If this is actually becoming a popularization, the next step will be the necessary corrections in both general science and specifically physics, then textbooks in the United States as well as books worldwide. One would have to say, this is a major way to make a point – get textbooks rewritten.

A minimalist view of thermodynamics concept is that energy cannot be increased – energy cannot be created. But note the use in various articles, “generally.” That leaves open the possibility for “exceptions” to the law.

Motors run cool – from a radio interview in June of 2009 with Kentucky Water Fuel Museum curator, James Robey… Pete says, “When you wipe out amperage, everything runs cool, there’s 100% efficiency, nothing wears out.” Running motors at 100% is unheard of, but that is what Pete accomplishes.

Zero-Amp Technology is closedlooped (keeps on going) and continually displays overunity (creating new energy). At this time, ZAT technology is powering entire homes – no fuel, no pollution, and once turned on, will run for 30 to 50 years. Why so long – because a power unit runs at cool or ambient temperature. Your hand can rest comfortably on the power unit – unheard of.

And why the 30 – because it has already been 27 years since Pete’s first unit and he is still operating using some of these original components…the old drive runs perfectly.

Peter Sumaruck is the only person in America who can run motors at this low temperature – the only person.

When Pete’s first prototype worked perfectly on the first try, Pete said “I called my patent lawyer; he didn’t believe me, said I was full of shit. But he came to Waco (where Pete was living) right away to see. [after he saw] He asked me, ‘can you do it with other drives.’ I bought two other new drives and got the same results, so I gave him those two and he filed a lot patents pending all in other names,” (for security purposes).

This is not a case of perpetual motion – the U.S. Patent Office will not ever speak to anyone who suggests even a whiff that their invention involves perpetual motion. The patent office verified that ZAT technology was not perpetual motion.

Pete went on, “We didn’t want a patent; patents are worthless.” If you have a patent, you have to publish how your design works, and then go into litigation with people who have stolen your technology. Pete was not about to show his secret to anyone. Even with these precautions, there have been many attempts to steal Pete Sumaruck’s technology.

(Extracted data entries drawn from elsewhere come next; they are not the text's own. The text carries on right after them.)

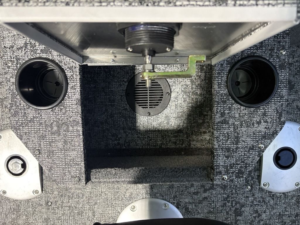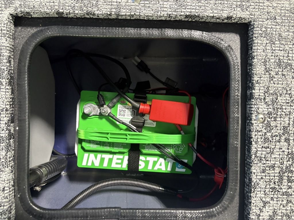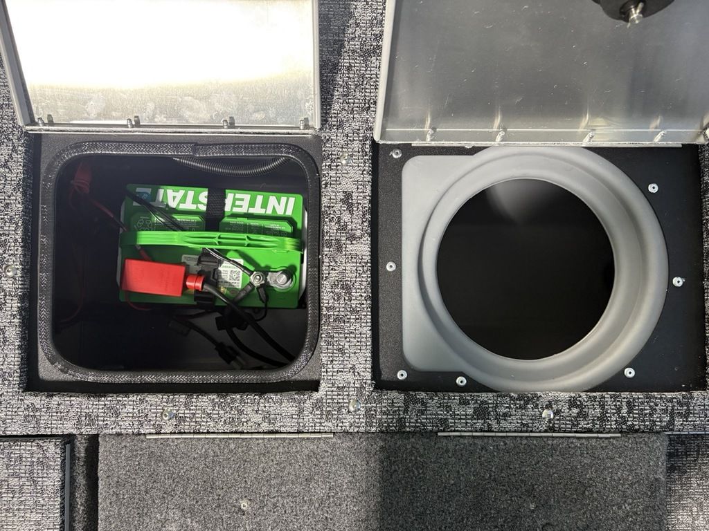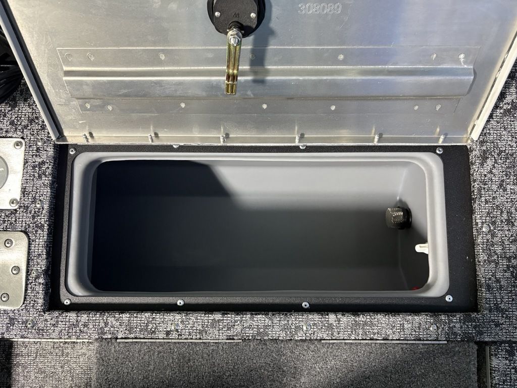 - Aft 29-gal. (109.78 L), 50" (1.27 m) aerated livewell w/removable bait bucket, timer, recirculator & pump-out system
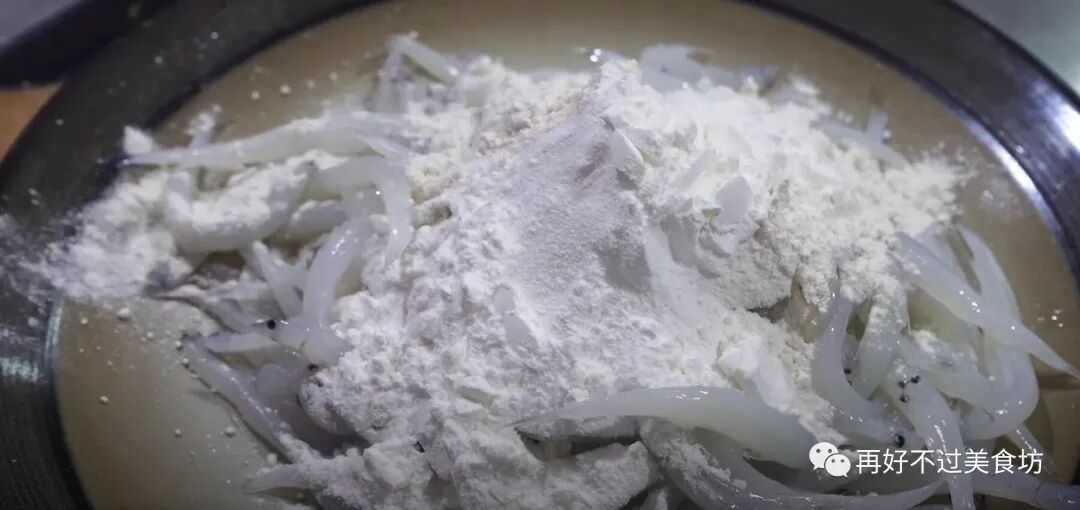 3、在沥干水分的银鱼上,加入3勺左右的油炸粉,再来上一勺生粉,就用手给它搅拌均匀,让面粉均匀地裹在每一条银鱼上。
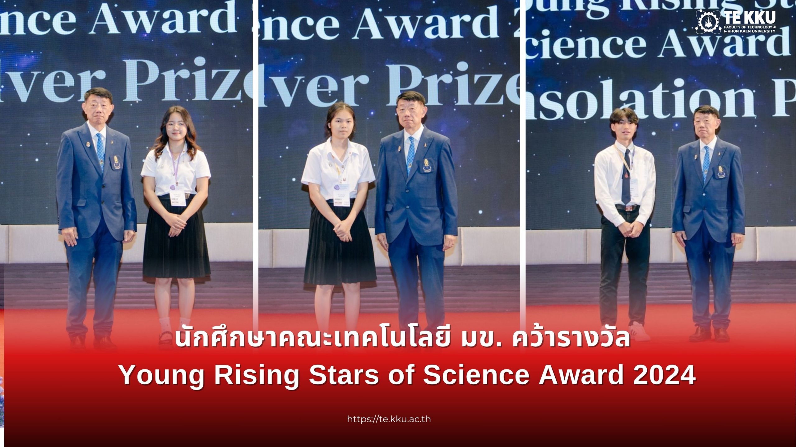 ในการนี้ได้รับการสนับสนุนจาก ผศ.ดร.อารยา เชาว์เรืองฤทธิ์ คณบดีคณะเทคโนโลยี มหาวิทยาลัยขอนแก่น คณะเทคโนโลยี มหาวิทยาลัยขอนแก่น ขอแสดงความยินดีกับนักศึกษาทุกท่านที่ได้รับรางวัล และหวังว่านักศึกษาจะต่อยอดความสำเร็จสู่การเป็นนักวิทยาศาสตร์และนักเทคโนโลยีที่มีศักยภาพในอนาคต

Changing the world – How valuable is an inventor’s intellectual property – it is everything. It’s your integrity; it’s your time, your physical energy and your thought processes; your heartbreak; it’s your frustration and your ecstasy, your past and your future. Why doesn’t the public understand this. Have they never experienced anything so important as actually changing the world.

Many people have asked Pete to gift his invention to them. I suppose it is a matter of “if you don’t ask, you don’t get,” on the far off chance they will get. But if they personally experienced the grit effort it takes to birth an invention, they would be more respectful of Pete Sumaruck’s efforts.

Should academics ask to examine his power production units. Sumaruck will allow them to look at a unit, view its operation, but they always want to take a unit with them, possibly take one of his units apart. This is not acceptable; this would be tantamount to stealing Sumaruck’s technology. Why should they be allowed to do this – entitlement by virtue of being learned.

It is entirely up to him; it’s Pete’s invention; he gets to make the rules. Pete is a realist; he isn’t trying to reform the world; he just wants to prove, to demonstrate and to convince the public that safe, inexpensive electric energy can power any and everything. Eventually it will come to pass. Pete is just that persistent.

“I could have been dead so many times,” he told me.

“You’re the miracle boy, you just keep on going.”

“Yeah, that’s why I’m here – to build this machine, again and again…so I guess I’d better get on with it.”